Nah, untuk mengejar penerimaan pajak melalui ekstensifikasi tahun ini Ditjen Pajak fokus pengawasan berbasis kewilayahan. Bila virus corona sudah hilang, Ihsan bilang otoritas pajak akan turun langsung ke lapangan dengan memanfaatkan data yang tersedia di sistem Ditjen Pajak, baik internal maupun eksternal seperti data faktur, data keuangan dan lainnya.

“Untuk pengamatan lapangan selama work from home belum dapat dilakukan, kami melakukan pengayaan dan perbaikan profil wajib pajak dengan memanfaatkan teknologi informasi,” tutur ihsan.

Pengamat Pajak Danny Darussalam Tax Center (DDTC) Darussalam mengatakan bahwa perluasan basis pajak berbasis kewilayahan penting karena pemerintah saat ini sudah kewalahan mengejar setoran pajak.

Dalam konteks relaksasi pajak dalam rangka menjamin kestabilan ekonomi pemerintah perlu untuk memberikan berbagai stimulus pajak. Akibatnya tax expenditure kemungkinan besar akan meningkat.

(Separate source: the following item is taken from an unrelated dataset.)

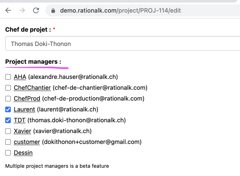 Puis dans le formulaire chercher le champs : Chefs de projets / Project managers :

Namun, di saat yg bersamaan, kestabilan penerimaan pajak juga harus dijaga. Oleh karena itu, strategi perluasan basis pajak jd kunci. “Perluasan basis pajak utamanya kepada wajib pajak orang pribadi diperlukan dalam rangka struktur penerimaan pajak yang lebih berimbang dan tidak rentan goncangan karena ketergantungan terhadap WP besar/badan,” kata Darussalam.

Dia menambahkan profiling dari WP utamanya adalah data dan informasi yg menggambarkan profil ekonomi WP. Tetapi penting bagi DJP untuk agar informasi yang dihimpun bisa distandardisasi sesuai kebutuhan agar mudah untuk diolah dan dicocokkan.

“Saya kira strategi terobosan administrasi bisa efektif dalam meningkatkan kepatuhan. Jumlah WP harusnya bisa meningkat di atas angka pertumbuhan rata2 WP tiap tahun sekitar 4%-6%. Apalagi potensinya masih banyak,” ujarnya.

Adapun realisasi penerimaan pajak sepanjang Januari-Februari 2020 sebanyak Rp 152,9 triliun. Angka tersebut kontraksi hingga 4,9% year on year (yoy) bila dibandingkan dengan pencapaian pada periode sama tahun lalu senilai Rp 160,9 triliun.

Realisasi penerimaan pajak tersebut, baru mencapai 9,3% dari target akhir tahun 2020 senilai Rp 1.642,6 triliun.